(What you should do):
The part to set down runs from the first line of the data below through the line with "이번 서비스는 관내 교사들이", inclusive; write it exactly and leave out the pictures.

(Data excerpt):
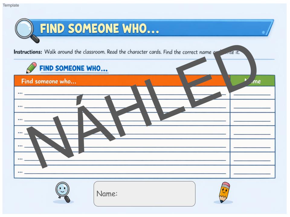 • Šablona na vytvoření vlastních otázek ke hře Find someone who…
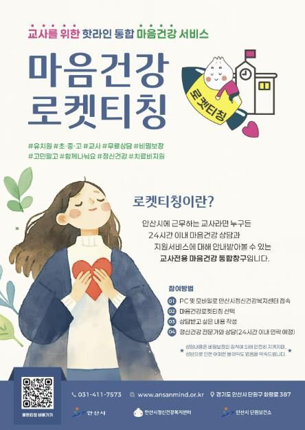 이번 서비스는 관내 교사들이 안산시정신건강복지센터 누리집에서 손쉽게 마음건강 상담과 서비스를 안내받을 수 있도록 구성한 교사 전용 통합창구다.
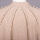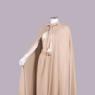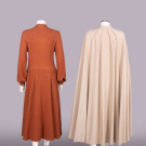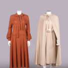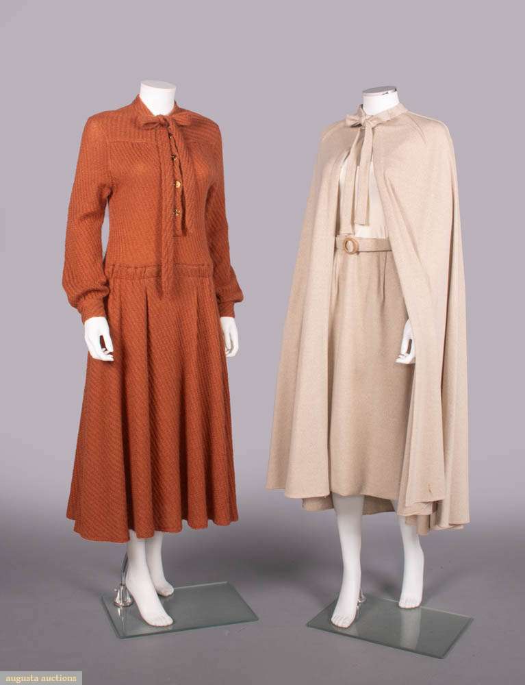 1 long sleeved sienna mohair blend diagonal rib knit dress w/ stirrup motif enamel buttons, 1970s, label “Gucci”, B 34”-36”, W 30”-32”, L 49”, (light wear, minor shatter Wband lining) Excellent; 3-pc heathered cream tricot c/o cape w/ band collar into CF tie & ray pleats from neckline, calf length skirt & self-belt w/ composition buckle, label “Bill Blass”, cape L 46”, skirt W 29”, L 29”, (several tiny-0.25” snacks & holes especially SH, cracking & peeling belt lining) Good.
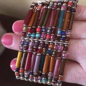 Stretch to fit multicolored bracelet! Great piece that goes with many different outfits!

(Worked solution):
 • Šablona na vytvoření vlastních otázek ke hře Find someone who…
 이번 서비스는 관내 교사들이 안산시정신건강복지센터 누리집에서 손쉽게 마음건강 상담과 서비스를 안내받을 수 있도록 구성한 교사 전용 통합창구다.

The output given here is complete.